Statistical analyses were performed using χ2 test or student’s t-test for comparison of baseline characteristics between patient groups. Time-to-event analysis was performed for chronic rejection outcome using Cox proportional hazards model. Subjects not meeting the outcome were censored at time of post-transplant anti-reflux surgery, last clinic visit, or death, whichever was earliest. Potential confounders adjusted for in the multivariable Cox regression model were selected based on univariate analyses, and included presence of typical GER symptoms pre-transplant, forced expiratory volume in 1 s on pulmonary function testing prior to transplant, BMI, and age at transplant. All statistical analysis was performed using SAS 9.4 statistical package (SAS Institute Inc., Cary, NC, United States).

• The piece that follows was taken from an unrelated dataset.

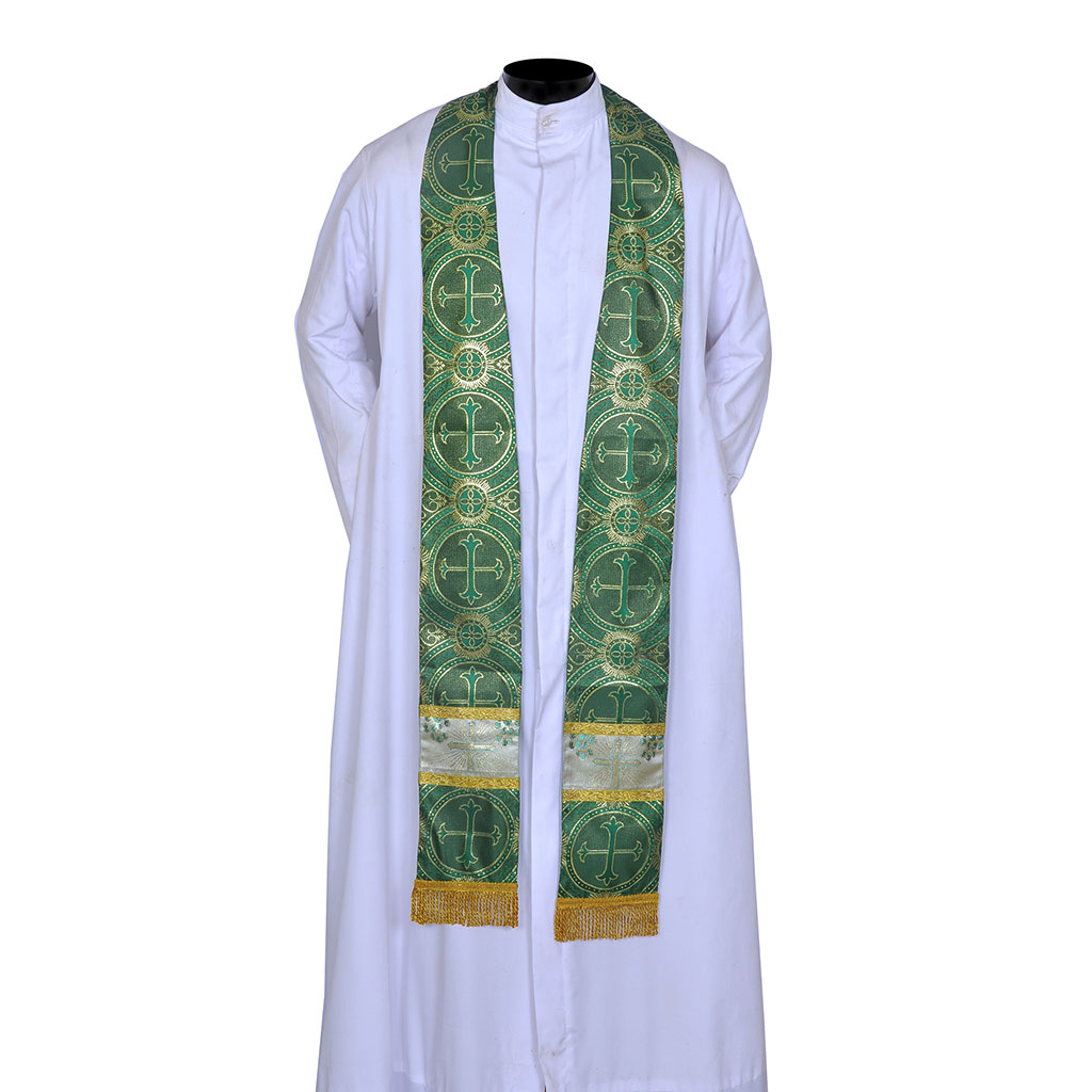 The vestment is accompanied by a matching stole, a vital accessory in spiritual rituals. The stole measures 48 inches, featuring a cross at the bottom and a delicate golden cross on the back of the neck. Fringes at the ends add a touch of elegance.

The study was approved by the Mass General Brigham Healthcare Institutional Review Board (2011P001563) prior to inception.

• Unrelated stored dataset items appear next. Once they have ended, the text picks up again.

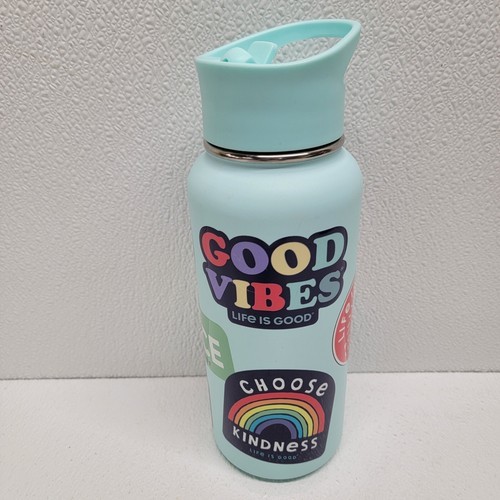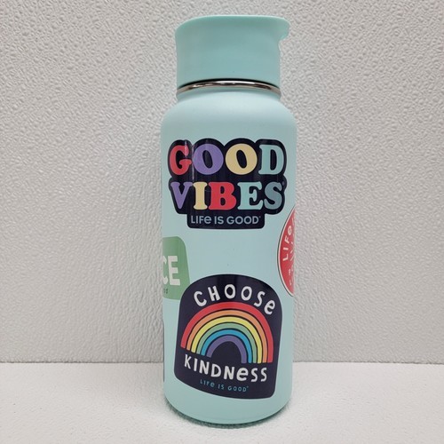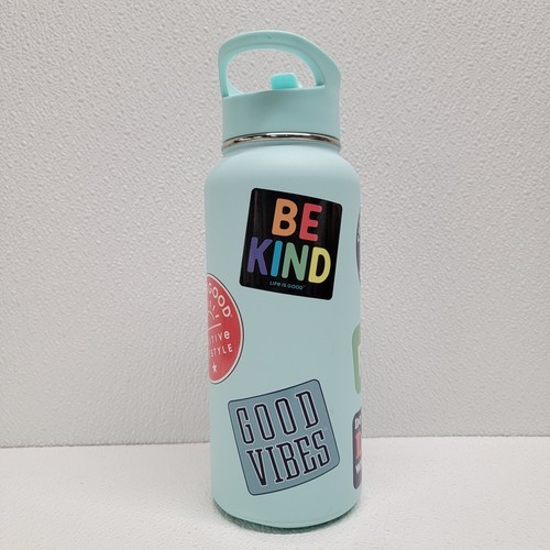 Life Is Good 32 oz Wide Mouth Stainless Steel Water Bottle Alpine Teal Stickers
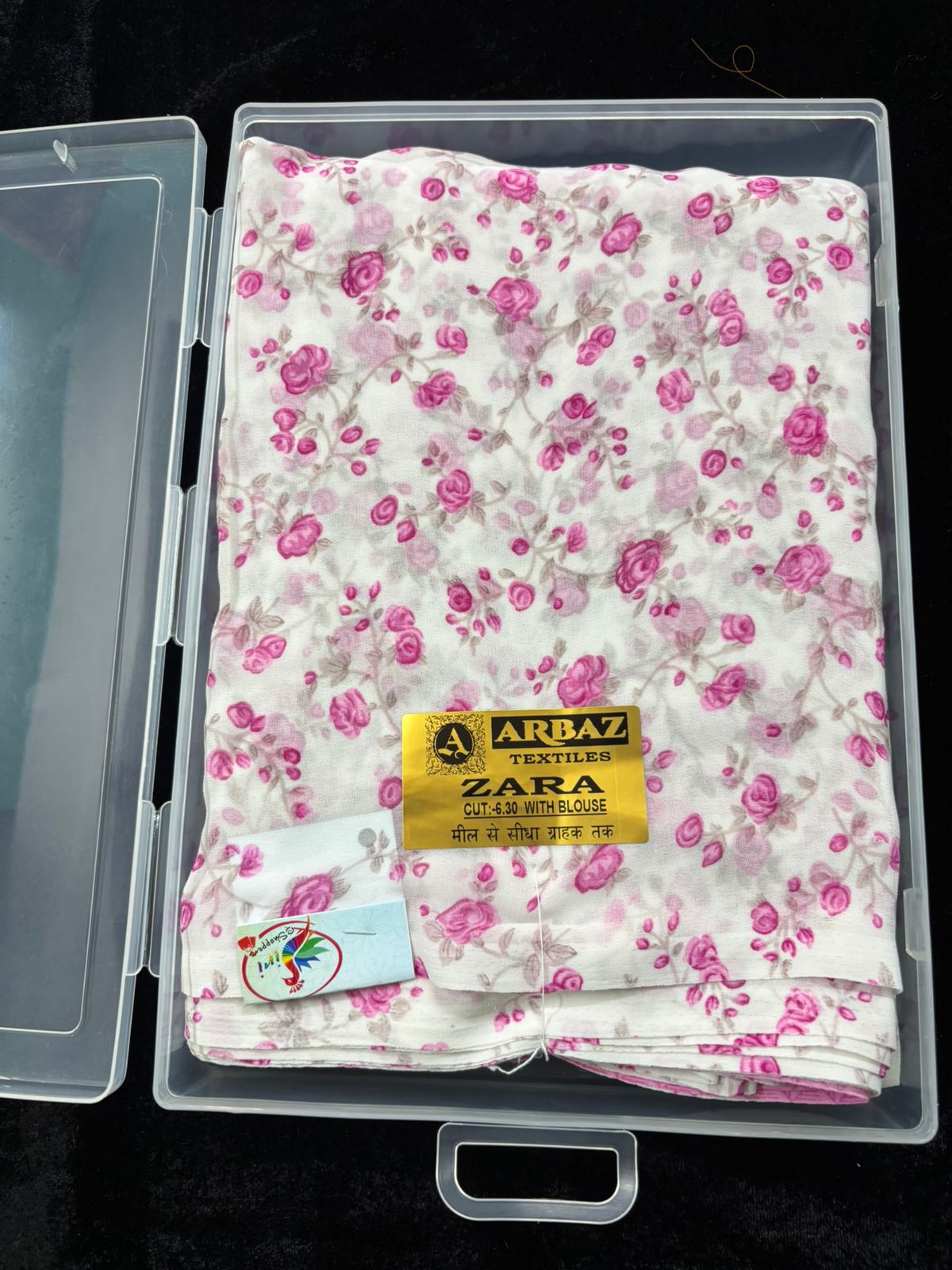The fabric is georgette with pink color floral pattern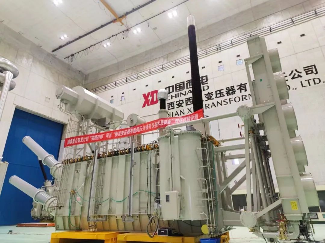 西電西變自主研制的隴東—山東±800千伏特高壓直流工程慶陽(yáng)站首臺(tái)采用國(guó)產(chǎn)有載調(diào)壓分接開(kāi)關(guān)的特高壓換流變一次性通過(guò)全部試驗(yàn)

Of the 368 patients who underwent lung transplant during the study period, 60 subjects with CF met inclusion criteria for the study, with 50% male, a mean age of 34 years, and a total follow-up of 254 person-years. Among all CF patients, 41 (68.3%) completed reflux monitoring as part of pre-lung transplant assessment. Overall, objective evidence of increased acid reflux, defined as AET > 4%, was found in 24 (58.4%) subjects. Of the subgroup of 22 (53.7%) patients reporting typical esophageal symptoms of GER, including heartburn, regurgitation, and chest pain, 14 (63.4%) demonstrated increased acid reflux on pH-monitoring.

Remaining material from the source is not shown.